FIG. 1 is a flow chart for explaining a method of manufacturing an electromagnetic wave absorbing film according to an embodiment of the present invention, FIG. 2 is a view for explaining a manufacturing process of an electromagnetic wave absorbing film according to an embodiment of the present invention, FIG. 4 is a view for explaining a plate-like structure included in the electromagnetic wave-absorbing film according to the embodiment of the present invention.

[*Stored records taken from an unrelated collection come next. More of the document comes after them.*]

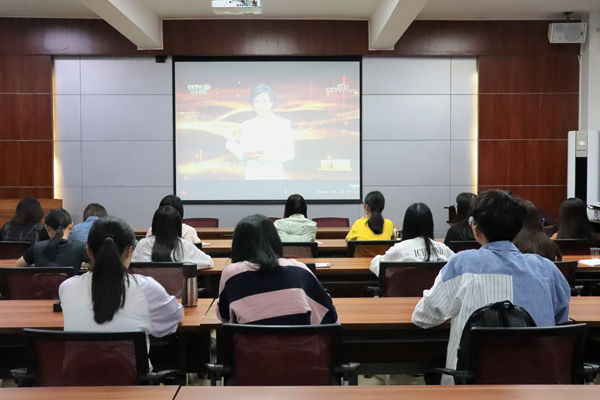 学生党员观看“时代楷模”卢永根先进事迹电视节目现场(黄宝贤摄)
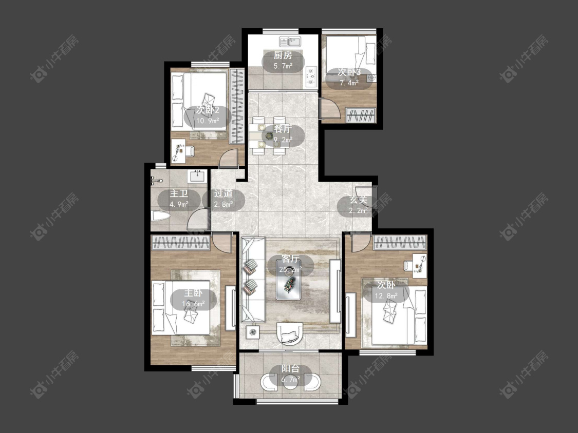 4室2厅2卫 | 124㎡ | 南
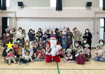 サンタクロースからプレゼントを受け取り、希望者はクリスマスツリーを背景に一緒に写真を撮りました★
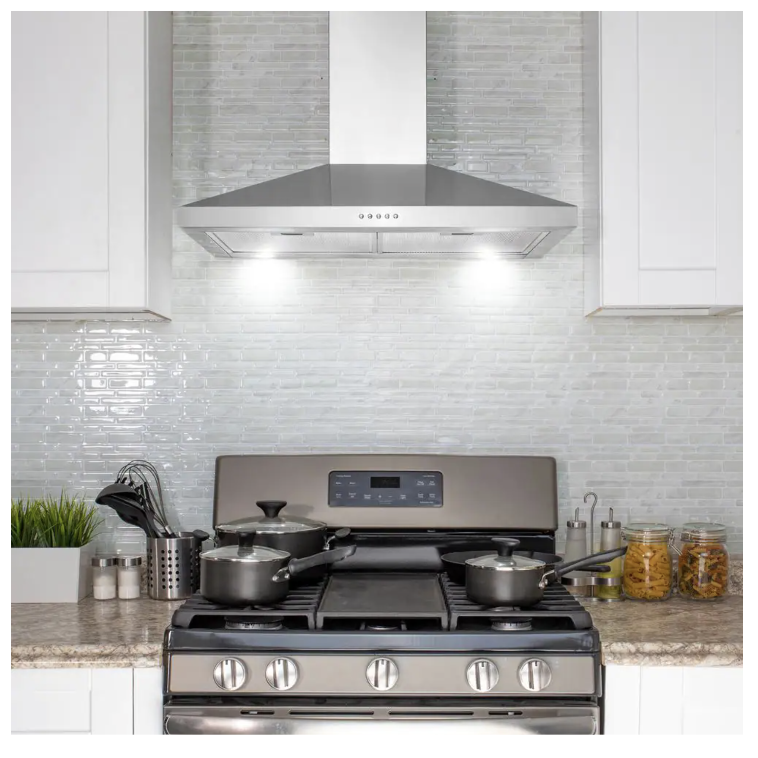 Golden Vantage RH0472 30 in. 217CFM Convertible Kitchen Wall Mount Range Hood in Stainless Steel with Push Control. LEDs & Carbon Filters

Referring to FIGS. 1 to 4, a nano soft magnetic plate structure 120a including a magnetic metal is prepared (S110). The plate-shaped structure 120a may be formed of a magnetic metal. According to one embodiment, the plate-shaped structure 120a may be made of an Fe-based alloy, a Ni-based metal, a Co-based metal or a Ni-Fe-based metal (for example, a Ni content of 40 to 90% And a metal (for example, an Fe content of 30 to 90 wt%). Alternatively, according to another embodiment, the plate-shaped structure 120a may further include tungsten (W), copper (Cu), molybdenum (Mo), chromium (Cr), aluminum (Al) .

As shown in FIG. 4, the plate-shaped structure 120a may be formed by aggregating a plurality of metal structures 120b. For example, the metal structures 120b having a size of 100 nm or less may aggregate to form the plate-shaped structure 120a having a size of 100 m or less.

The method for producing the plate-shaped structure 120a includes the steps of preparing a metal oxide, pulverizing the metal oxide into a nano-sized powder, producing a magnetic metal powder by reducing the pulverized metal oxide, And subjecting the magnetic metal powder treated by the plate treatment to heat treatment to remove residual stress. The magnetic metal powder is subjected to plate-like processing, and coagulates with the pores to form the porous plate-like structure 120a. The ground metal oxide may have a size of 100 nm or less. As a result, the magnetic metal powder can easily be flattened at low energy.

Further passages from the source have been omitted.